PROBLEM REQUIREMENTS >> Go through the lines below and copy any that hold the string "Sonett".

[Stored data]
+++

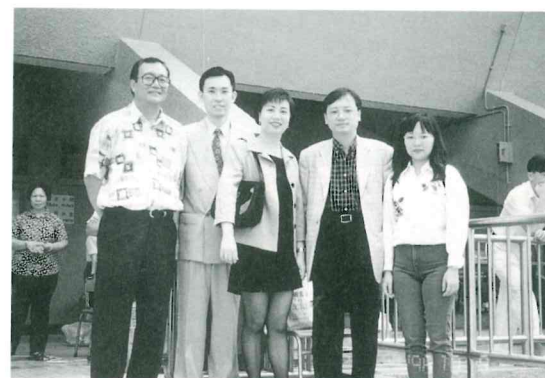
校友會執委出席水運會
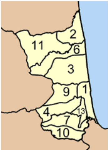
ภาพที่ 1 การปกครองส่วนภูมิภาค

เมื่อกล่าวถึงท่าศาลา ในเมืองท่าศาลาที่เป็นตำบลท่าศาลา เป็นตำบลในเขตการปกครองของอำเภอท่าศาลา ซึ่งประกอบด้วยจำนวน 15 หมู่บ้าน ได้แก่ หมู่ 1 บ้านตลาดท่าศาลา, หมู่ 2 บ้านเตาหม้อ, หมู่ 3 บ้านท่าสูง, หมู่ 4 บ้านท่าสูงบน, หมู่ 5 บ้านในถุ้ง, หมู่ 6 บ้านสระบัว, หมู่ 7 บ้านหน้าทับ, หมู่ 8 บ้านปากน้ำใหม่, หมู่ 9 บ้านด่านภาษี, หมู่ 10 บ้านบ่อนนท์, หมู่ 11 บ้านฝายท่า, หมู่ 12- หมู่ 13 บ้านในไร่, หมู่ 14 บ้านแหลม, หมู่ 15 บ้านบางตง (วิกิพีเดีย สารานุกรมเสรี, 2562) อำเภอท่าศาลาแบ่งเขตการปกครองออกเป็น 10 ตำบล 110 หมู่บ้าน รายละเอียดแผนที่ตั้งอำเภอท่าศาลา ปรากฏดังภาพที่ 1 การปกครองส่วนภูมิภาค
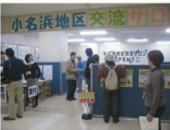
場所は、いわき市小名浜字桜川南5-6。リスポの2Fです。お買い物がてら、一度のぞいてみてはいかがでしょうか。

11月13日、小名浜タウンセンターリスポ内に「小名浜地区交流サロン」が開業されました。このサロンは、被災された方々が地域のなかで孤立することのないように、いつでも、どなたでも好きなときに立ち寄って、お友だちと一緒におしゃべりをしたり、また様々なイベント情報も受け取ることが出来ます。利用時間は10時～16時(水曜定休)です。お気軽にご利用ください。
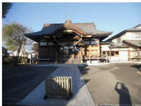
二宮神社（夫・父）船橋市三山 5-20-1
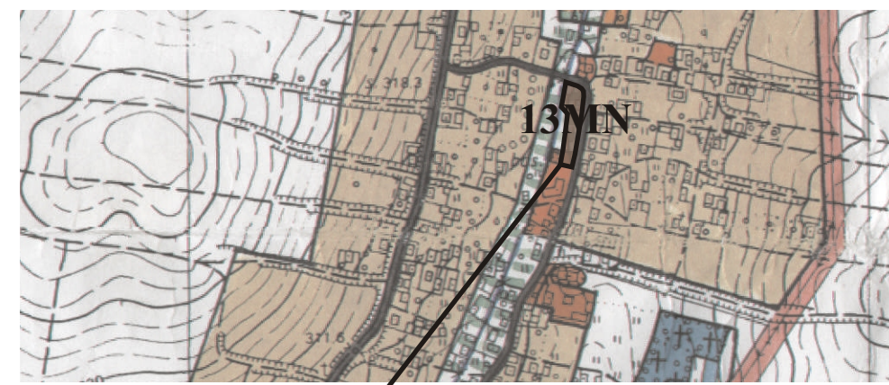
GRANICE OBSZARU OBJĘTEGO ZMIANĄ PLANU

WYRYS ZE STUDYUM UWARUNKOWAŃ I KIERUNKÓW ZAGOSPODAROWANIA PRZESTRZENNEGO GMINY NOWY ŻMIGRÓD SKALA 1:10 000
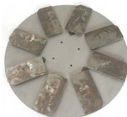
Disque Ø 600 mm avec 8 pâles pour lisser de petites surfaces en béton.
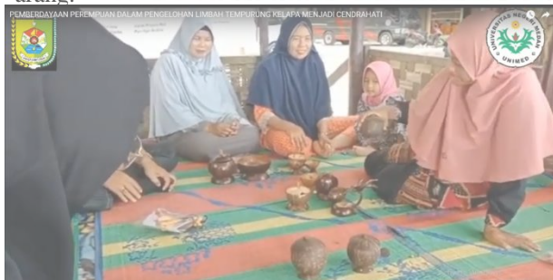
Gambar 5. Hasil karya cenderahati dari tempurung kelapa yang telah dibuat oleh ibu-ibu desa sentang

Berdasarkan sebuah analisis dari program kegiatan yang terlaksana dengan berdasarkan tahapan mekanisme diatas dapat dijelaskan bahwa ketercapaian indikator keberhasilan program yang telah dilaksanakan bersama kelompok pengabdian (tim) dan mitra. Pelaksanaan proses pendampingan yang telah dilakukan kepada ibu rumah tangga dalam pengolahan tempurung kelapa menjadi cenderahati memiliki dampak yang positif khususnya dalam mengembangkan kompetensi ibu rumah tangga dalam mengolah tempurung kelapa dan menghinovasikanya menjadi produk UMKM, khas daerah. Bahkan ibu rumah tangga telah memiliki ide dan kreatifitas baru dalam mengolah tempurung kelapa dalam berbagai variasi yang dimana selama ini tempurung kelapa hanya di jual begitu saja dan hanya di olah menjadi arang.
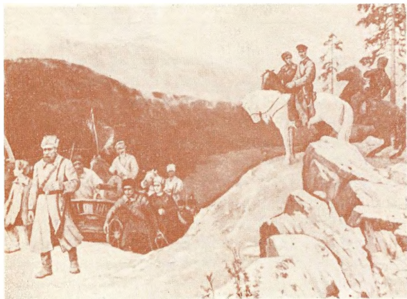
Рейд Блюхера. С картины Р. Нурмухаметова
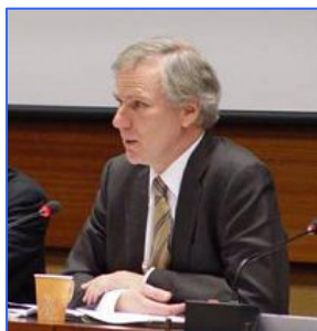
■ 特派专员菲利普-奥尔斯顿先生在日内瓦联合国会议期间聆听证人的发言

【明慧网】中共政权非法任意处死受关押者一直是遭世界谴责的人权犯罪，近年来大批法轮功学员被迫害致死更是引起关注。在联合国特派专员菲利普-奥尔斯顿先生（Mr. Philip Alston）二零零九年提交联合国的年度报告中，法轮功学员被迫害致死问题备受关注。在报告中，菲利普-奥尔斯顿先生列举了他向中国政府征询的二十个案例，其中十六个是法轮功学员被迫害致死的案例。
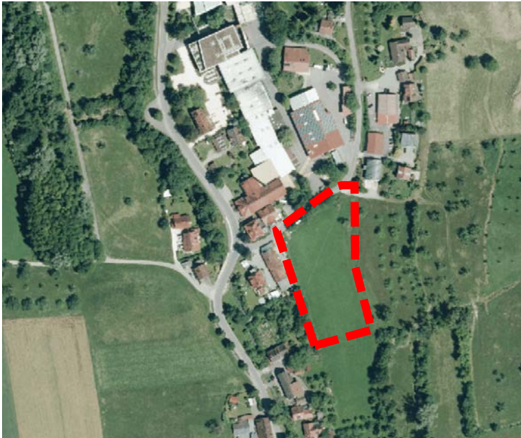
Lage des Änderungsbereichs Gewerbeerweiterung Firma Sonett (rot dargestellt)

gegenüberliegenden Seite des Ziegeleiwegs befindet sich die Firma Sonett, welche erweitert werden soll. Die Fläche umfasst einen Teilbereich des Flurstücks Nr. 55 und beläuft sich auf ca. 1,1 ha.

+++

SOLUTION TO THIS PROBLEM >>
Lage des Änderungsbereichs Gewerbeerweiterung Firma Sonett (rot dargestellt)
gegenüberliegenden Seite des Ziegeleiwegs befindet sich die Firma Sonett, welche erweitert werden soll. Die Fläche umfasst einen Teilbereich des Flurstücks Nr. 55 und beläuft sich auf ca. 1,1 ha.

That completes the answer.